Learning advisor networks for noisy image classification
Simone Ricci, Tiberio Uricchio, Alberto Del Bimbo
TL;DR
This work tackles the problem of training image classifiers with noisy labels by introducing Meta Feature Re-Weighting (MFRW), which uses an advisor network learned via meta-learning to adjust feature activations during training. The advisor learns to weight feature components of the backbone conditionally on the current sample loss, enabling the main model to exploit information in mislabeled data rather than discard it. Empirical results on CIFAR-10/100 with synthetic noise and Clothing1M show state-of-the-art performance, particularly under high noise, and demonstrate robust generalization. The approach highlights the potential of feature-level attention guided by meta-learning as a versatile strategy for learning under label noise and may extend to other problems with noisy annotations.
Abstract
In this paper, we introduced the novel concept of advisor network to address the problem of noisy labels in image classification. Deep neural networks (DNN) are prone to performance reduction and overfitting problems on training data with noisy annotations. Weighting loss methods aim to mitigate the influence of noisy labels during the training, completely removing their contribution.
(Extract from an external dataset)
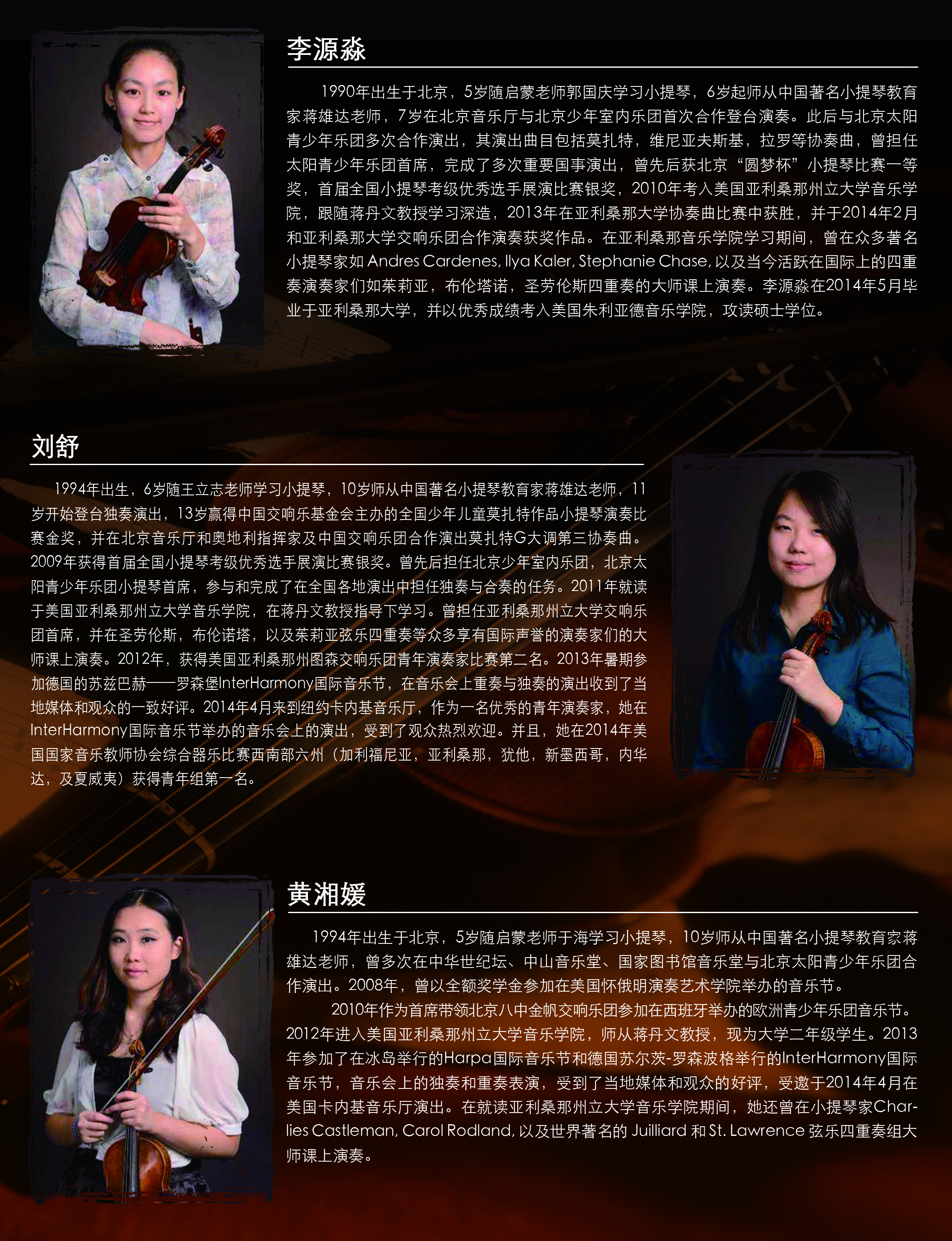 美国亚利桑那州立音乐学院 蒋丹文(教授)、 江舟(钢琴协助)、李源淼、刘舒、黄湘媛。
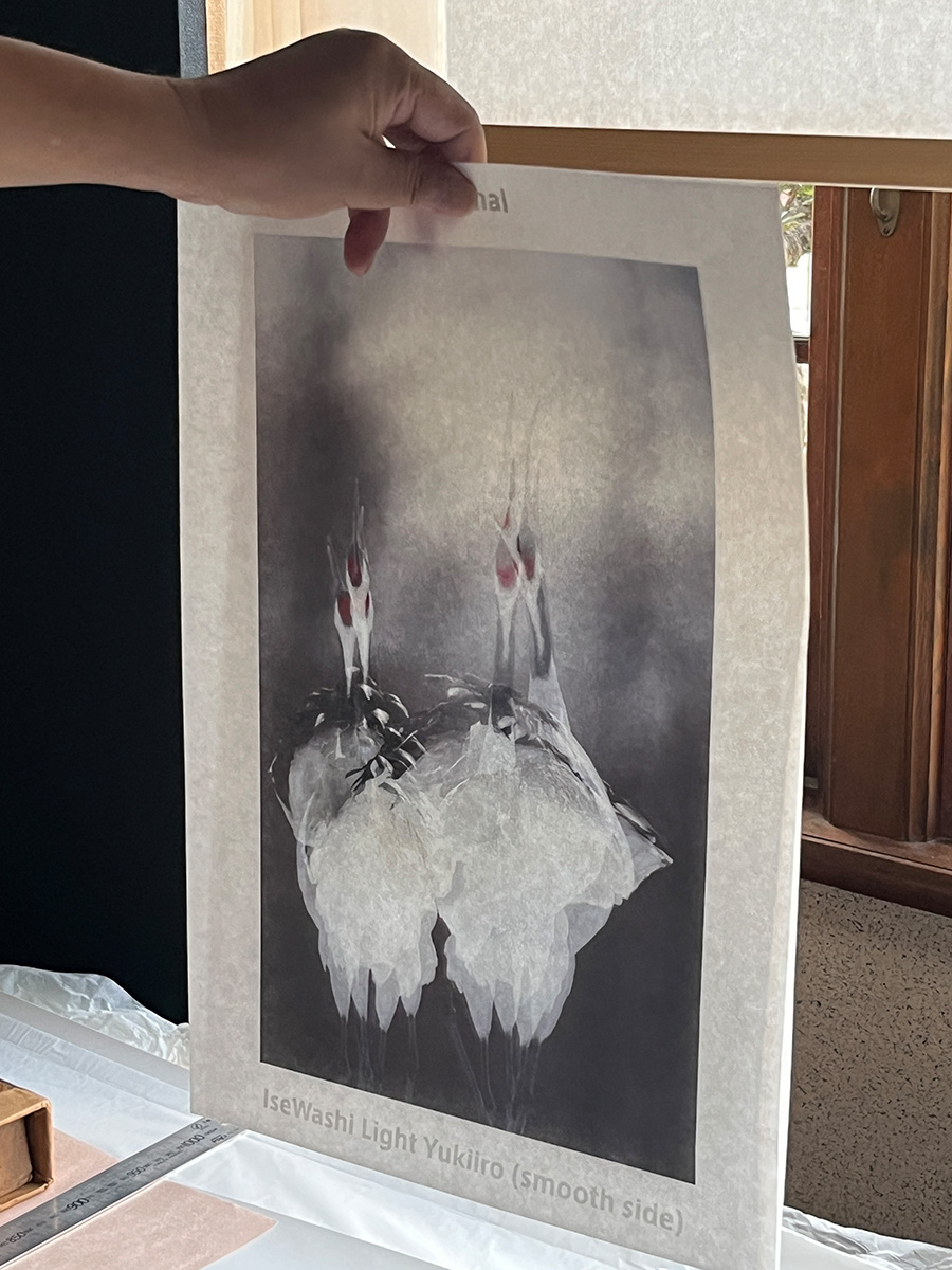 インクジェット対応の和紙を開発した中北会長は写真の腕前もプリントテクニックも秀逸です。今回はメキシコ展用プリントの仕上がりを確認しに伺いましたが、予想以上に細部に渡ってこだわりが施されていました。

This discarding process prevents DNNs from learning wrong associations between images and their correct labels but reduces the amount of data used, especially when most of the samples have noisy labels. Differently, our method weighs the feature extracted directly from the classifier without altering the loss value of each data. The advisor helps to focus only on some part of the information present in mislabeled examples, allowing the classifier to leverage that data as well. We trained it with a meta-learning strategy so that it can adapt throughout the training of the main model. We tested our method on CIFAR10 and CIFAR100 with synthetic noise, and on Clothing1M which contains real-world noise, reporting state-of-the-art results.